Among them is Brendan Sporer (PhD NERS ’23), who completed his PhD in McBride’s lab. He interviewed at Helion, TAE Technologies and p Energy. Ultimately, he chose to get behind TAE’s approach, as well as its sunny southern California location.
Sporer is confident that the world is on the precipice of a fusion-driven future, and he believes that new computational tools and new materials make today’s fusion research fundamentally different from that of past decades.
“We now have technological advancements that have changed the game,” said Sporer. “I think new computational tools are the biggest one, where we now have the ability to simulate an entire fusion reactor before we build it. This wasn’t possible 20 years ago.”
He hesitates for a moment. “Or maybe I am being like everybody else has always been?” he asks rhetorically. “This may be what everyone has said in their time.” Then his voice becomes confident again. “But no. I’m sure that today is different from five or ten years ago. We all have to go in with healthy skepticism. This is going to be a lot harder than people are making it sound. This is going to be extremely hard. But I think we’re in the homestretch, and I’d like to be there when it happens.”

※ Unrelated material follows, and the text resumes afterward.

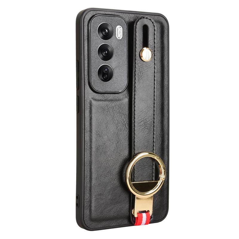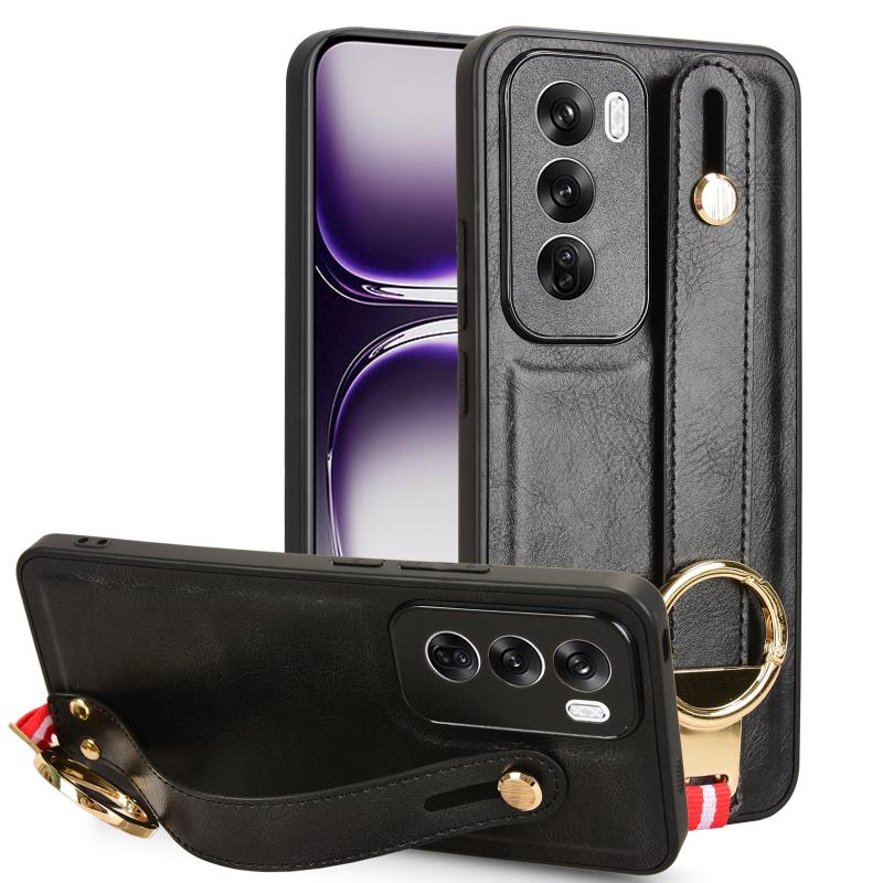For OPPO Reno12 5G Global Wristband Leather Back Phone Case(Black)

The government is also buying into private fusion; on March 17, 2022, Granholm announced $50 million in new grants to fund two public/private partnerships. The partnerships will work to build a demonstration fusion power plant in the 2030s. May 2023 saw the announcement of $45 million in additional funding for eight private fusion companies including Commonwealth Fusion Systems and Zap Energy. The goal is in line with President Biden’s energy policy, which calls for the nation’s power generating sector to be carbon-neutral by 2035.
Fail fast, fail early
Other researchers, however, are concerned that the new optimism could fuel fusion’s long reputation for over-promising. That includes Carolyn Kuranz (PhD Applied Physics ’09) a U-M associate professor of nuclear engineering and radiological sciences. Still, she’s pleased to see fusion receiving an influx of interest and money. It’s a welcome contrast with the state of the industry during the era when she and McBride finished graduate school.

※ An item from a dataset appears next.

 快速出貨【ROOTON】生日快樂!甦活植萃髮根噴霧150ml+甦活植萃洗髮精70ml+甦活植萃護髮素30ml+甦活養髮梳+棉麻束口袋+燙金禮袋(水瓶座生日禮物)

As a graduate student, Kuranz worked at the Omega Laser Facility at the Laboratory for Laser Energetics in Rochester, New York, doing work related to nuclear stockpile stewardship before joining U-M in 2009 to work in its Center for Radiative Shock Hydrodynamics (CRASH). There, she studies the physics of hot, dense plasmas similar to those inside fusion reactions, as well as those that exist naturally in space. Like McBride, her work is not directly tied to using fusion to generate electricity, but she’s uncovering new knowledge about the fundamental physics that could move the world closer to fusion power.

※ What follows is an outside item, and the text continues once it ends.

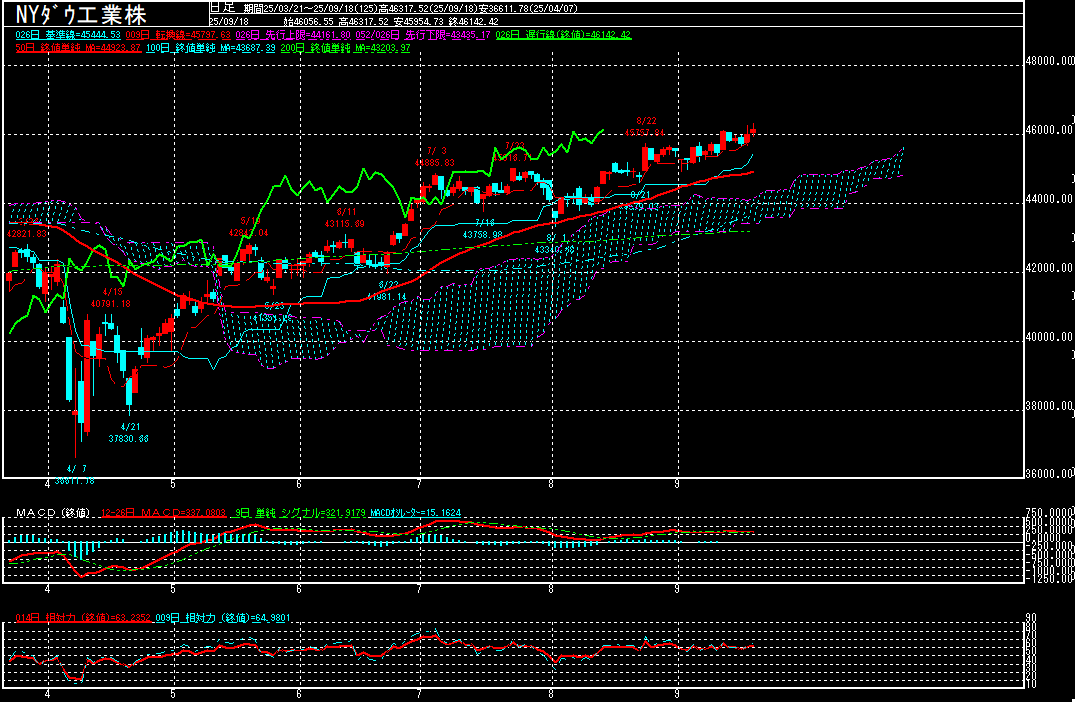 昨晩のダウ工業株30種平均は、前営業日比124.10ドル高の46142.42ドルで終了。

These days, many of her students are interested in working for private fusion startups. Though she tells them to exercise caution, she also encourages them to enjoy the fact that they’ve come up in a boom time for fusion.
“As scientists we always need to be curious and hopeful,” she said. “We do need to balance that with realism and pragmatism, but if we’re not willing to take risks, we wouldn’t be anywhere. We wouldn’t have computers, flight, smart phones, any of these things.”
“The fact is, many of these companies will fail. But I don’t think there is anything wrong with a company if they do good science and fail. If you have good ideas and things don’t work out, that’s just science. This is the time for us to take a chance on fusion, because there’s no way society can rely on renewables alone … and we’re running out of time.”